Air resistance would play little role in the fall time of such an enormous mass over that distance.

I don't understand your test analogy. Why 40%??


I've seen near-freefall speed claims debunked in two ways.

1. The collapse wasnt near free-fall

2. Although it collapsed at near-free fall, that is to be expected.

I'm just unclear which one is more correct.

 

[Hokulele]

I don't understand your test analogy. Why 40%??

The difference in times between free-fall and what was observed is 4 seconds, or roughly 40% of the collapse time.

I've seen near-freefall speed claims debunked in two ways.

1. The collapse wasnt near free-fall

2. Although it collapsed at near-free fall, that is to be expected.

I'm just unclear which one is more correct.

I think the point Gravy was trying to make is that near free-fall is very vague, and can easily be misinterpreted. 4 seconds as a time period is very short, so the fall time could be seen as near free-fall, but when you look at it as a percentage (40%), that is quite a bit of difference.

 

[Sizzler]

The difference in times between free-fall and what was observed is 4 seconds, or roughly 40% of the collapse time.




I think the point Gravy was trying to make is that near free-fall is very vague, and can easily be misinterpreted. 4 seconds as a time period is very short, so the fall time could be seen as near free-fall, but when you look at it as a percentage (40%), that is quite a bit of difference.

Thanks.

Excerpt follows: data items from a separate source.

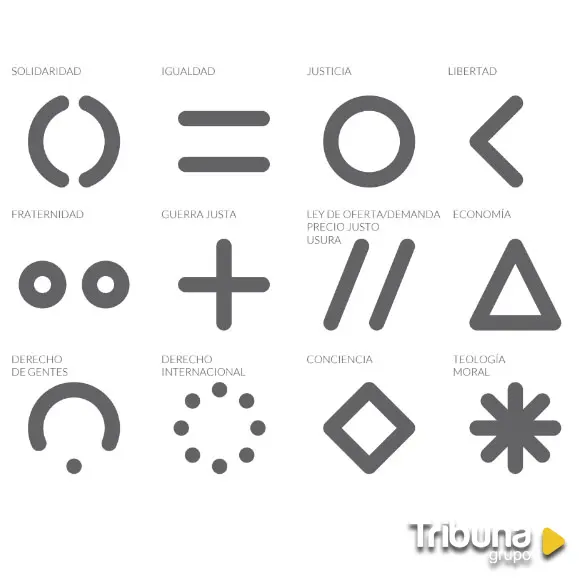 La parte más llamativa e intrigante son una docena de símbolos sin, a priori, un significado evidente. ¿Qué son en realidad? Según el Manual, cada uno representa un hallazgo o concepto abordado por la Escuela de Salamanca: "conciencia; derecho de gentes; derecho internacional; economía; fraternidad; guerra justa/de auxiliis; igualdad; justicia; libertad; ley de oferta-demanda / precio justo / usura; solidaridad; teología". Esas ideas fueron "cuna de los derechos de nuestra sociedad actual" y por eso se merecen "su papel en la identidad" corporativa, plasmada en una sencilla figura geométrica.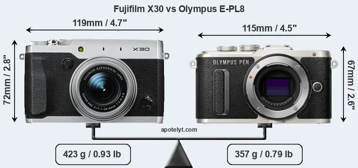An illustration of the physical size and weight of the Fujifilm X30 and the Olympus E-PL8 is provided in the side-by-side display below. The two cameras are presented according to their relative size. Three successive views from the front, the top, and the rear are shown. All size dimensions are rounded to the nearest millimeter.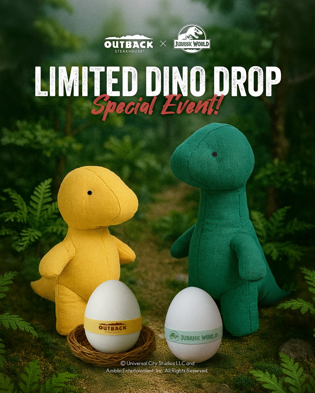 여기서 끝나지 않아요. 매장 곳곳을 공룡 분위기로 꾸며 ‘숨겨진 다이노를 찾아라’ 미션을 진행하고요. 아웃백 APP에서 공룡 DNA 수집 미션을 수행하면, 한정판 다이노 인형을 받을 수 있습니다. 공룡 세 마리의 DNA를 확보하는 게임을 통해 영화 속 세계관을 이어서 즐겨볼 수 있죠! 단순히 신메뉴 개발에서 끝나지 않고, 오프라인과 온라인을 아우르는 이벤트까지 세심하게 설계한 점이 돋보여요.

That makes a lot of sense.

 

[Sizzler]

Another question:

If the collapsing floors didn't compound and add to the weight of the "piledriver", how would the collapse have looked?

Lets assume this is possible

 

[Hokulele]

Another question:

If the collapsing floors didn't compound and add to the weight of the "piledriver", how would the collapse have looked?

Lets assume this is possible

Well, it really isn't possible, so I am not sure why you are asking this. It is kind of like saying, if we did turn off gravity, how would the collapse look? Is there are larger point behind this question?